A fictional book may provide the basis of the plot of a story, a common thread in a series of books or other works, or the works of a particular writer or canon of work. An example of a fictional book that is part of the plot of another work (in addition to Nineteen Eighty-Four) is Philip K. Dick's The Man in the High Castle, in which resistance member circulate a banned book entitled The Grasshopper Lies Heavy. An example of a fictional book linking a series is Encyclopedia Galactica, an imaginary set of encyclopedias created by Isaac Asimov and referred to in the novels in his Foundation Series. An example of an author referring to a fictional book in a number of unconnected works is Jack Vance's quotes from an imaginary  twelve-volume opus entitled Life by Unspiek, Baron Bodissey in Vance's novels (Bodissey is a fictional character created by Vance).

Examples
The Necronomicon in H. P. Lovecraft's books serves as a repository of recondite and evil knowledge in many of his works and the work of others. Despite the evident tongue-in-cheek origin of the book, supposedly written by the "Mad Arab Abdul al-Hazred," who was supposed to have died by being torn apart by an invisible being in an Arab marketplace in broad daylight, many have been led to believe that the book is real.
William Goldman's The Princess Bride is presented as an abridgment of The Princess Bride by "S. Morgenstern".
The story of Philip K. Dick's The Man in the High Castle revolves around another mysterious and forbidden book, written by the title character (Hawthorne Abendsen), named The Grasshopper Lies Heavy. Dick's book describes an alternate history where the Axis Powers were victorious in World War II and the United States has been divided between Japan and Nazi Germany. The book-within-a-book is an alternate history itself, depicting a world in which the Allies won the war but which is nonetheless different from our own world in several important respects. Towards the end of the story, Abendsen admits to writing The Grasshopper Lies Heavy under the direction of the I Ching (which influenced The Man in the High Castle as well). 

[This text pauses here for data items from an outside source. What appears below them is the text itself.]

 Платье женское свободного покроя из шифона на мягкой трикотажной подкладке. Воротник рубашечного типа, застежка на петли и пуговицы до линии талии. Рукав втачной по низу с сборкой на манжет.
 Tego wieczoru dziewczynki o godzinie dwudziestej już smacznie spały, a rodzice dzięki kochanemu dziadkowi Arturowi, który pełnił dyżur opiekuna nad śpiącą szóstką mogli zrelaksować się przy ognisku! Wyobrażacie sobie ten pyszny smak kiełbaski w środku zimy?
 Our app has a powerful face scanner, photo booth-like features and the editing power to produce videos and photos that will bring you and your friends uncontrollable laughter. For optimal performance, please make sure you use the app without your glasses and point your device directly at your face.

All of the stories in Robert W. Chambers' 1895 collection The King in Yellow feature a fictional play of the same name, which drives all readers mad and/or shows them another reality. Very little of the play is transcribed in the stories, although it is shown to be set in the kingdom of Carcosa, created by Ambrose Bierce.

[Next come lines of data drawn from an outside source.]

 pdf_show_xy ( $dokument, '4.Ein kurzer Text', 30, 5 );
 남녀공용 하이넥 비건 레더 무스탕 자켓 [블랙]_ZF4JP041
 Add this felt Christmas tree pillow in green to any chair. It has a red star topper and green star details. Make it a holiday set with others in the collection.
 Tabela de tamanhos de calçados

Guillaume Apollinaire's short fiction "L'Hérésiarque" ("The Heresiarch" or "The Heretic") describes two heretical Christian gospels written by the excommunicated Catholic cardinal Benedetto Orfei. Orfei's heresy is that the three figures of the Trinity—the Father, the Son, and the Holy Spirit—were incarnate in Jesus' time, and were crucified alongside him. Orfei's first work is The True Gospel, describing the human life of God the Father, an embodiment of virtue about whom little is known. Orfei's second work describes the human life of God the Holy Spirit; the title of this work is not mentioned, but is referred to only as his 'second gospel'. In this 'gospel,' the Holy Spirit is a thief who willfully indulges in all manner of vice, including violating a sleeping virgin who then gives birth to Jesus Christ, or God the Son. Later, both the Holy Spirit and the Father are arrested as thieves and crucified, the latter unjustly. Orfei's heresy is intended to illustrate man's contradictory but coexistent aspects of sinner and martyr.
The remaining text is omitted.